Categorização — Outra possibilidade dos meios eletrônicos é a categorização a priori de condições clínicas que não são
conhecidas ou que são apresentadas pelos pacientes de modo
original. O método científico aspira à padronização, mas o
exame clínico usando o método científico é necessariamente
individual. É a ciência médica e sua estrutura teórica colocada a
serviço da necessidade individual dos pacientes.
Nesse sentido, o registro previamente codificado não é o registro da observação clínica, mas o registro da interpretação da
observação. São realidades diferentes. Na eventualidade de o
paciente ser atendido em outra ocasião, o médico terá dificuldade de apreender o que transcorreu na consulta anterior (particularmente se não for o mesmo profissional), e terá que levantar todo o caso clínico novamente, pois o caso em si não está
registrado, mas está registrada a interpretação do caso clínico.
Assim, os conceitos de rigor a serviço da qualidade ou segurança da informação registrada podem se dissipar.

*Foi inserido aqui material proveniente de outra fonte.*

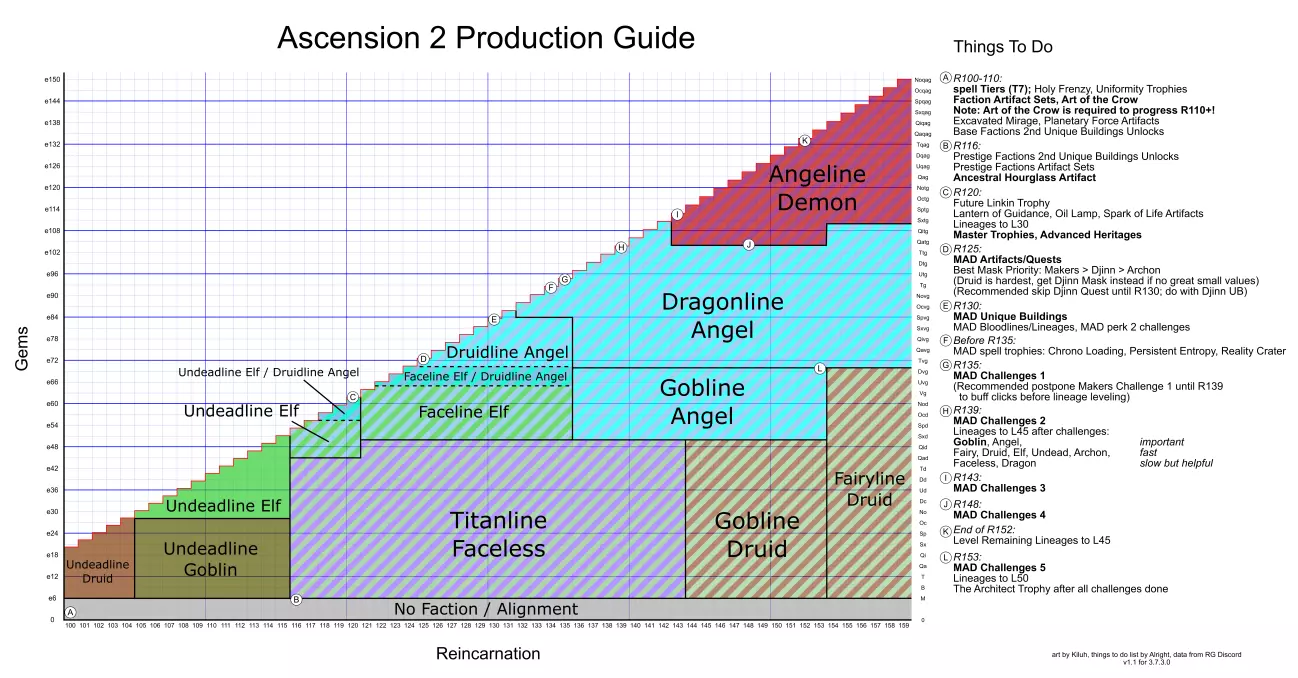 法术等级、巨龙、佣兵研究——天哪(A1-A2) 法术等级和时间 R47-R60 构筑 血脉传承 血脉传承构筑(R60-R75) 佣兵研究 佣兵研究构筑(R75-R99) 血脉传承/挑战/奖杯/增益/佣兵研究解锁构筑(即将淘汰) 奖杯指南 R90+ A2 资源 这是相对较新的内容(3.2 - 二次飞升声望派系),因此预计近期会有大量更新。Ascension 2非维基页面 Ascension 2配装(R100-R110) Ascension 2 prestige配装(R116-R125) 精英派系配装(R125-R135) 精英挑战配装(R135-R159) Kiluh与Alright制作的A2剧情(已过时)

Poder — na medida em que o sistema é capaz de exigir cláusulas para operar e passar para a próxima página, o sistema em si
adquire poder. Pode ser que este poder estimule a entender-se que
esta seja uma dimensão pedagógica, atrelada à pretensa segurança
ou qualidade ou ao simples fato de fazer exigência. Há sistemas
de treinamento que usam essas prerrogativas para treinamento
específico.
Entretanto, o fazer bem feito não é necessariamente uma decorrência de exigência de sistemas informatizados, pertencem
ao âmbito do método, da boa formação profissional e da cultura na qual a prática se dá.
Jovens — admite-se que os mais jovens de modo geral estejam
mais habituados a interagir com os meios eletrônicos. Às vezes,
mesmo para sistemas que estão longe da perfeição, o argumento
de que os jovens lidam bem com ele pode servir para atenuar
a necessidade de melhoria do próprio sistema ou dos processos
envolvidos nesse registro. Certa feita, dialogando com um engenheiro muito experiente, ele me chamou a atenção para o fato
de que algumas situações de tentativa e erro são enfrentadas com
maior desembaraço particularmente na cultura de tempos mais
recentes, que denominou “cultura de tentativa e erro”.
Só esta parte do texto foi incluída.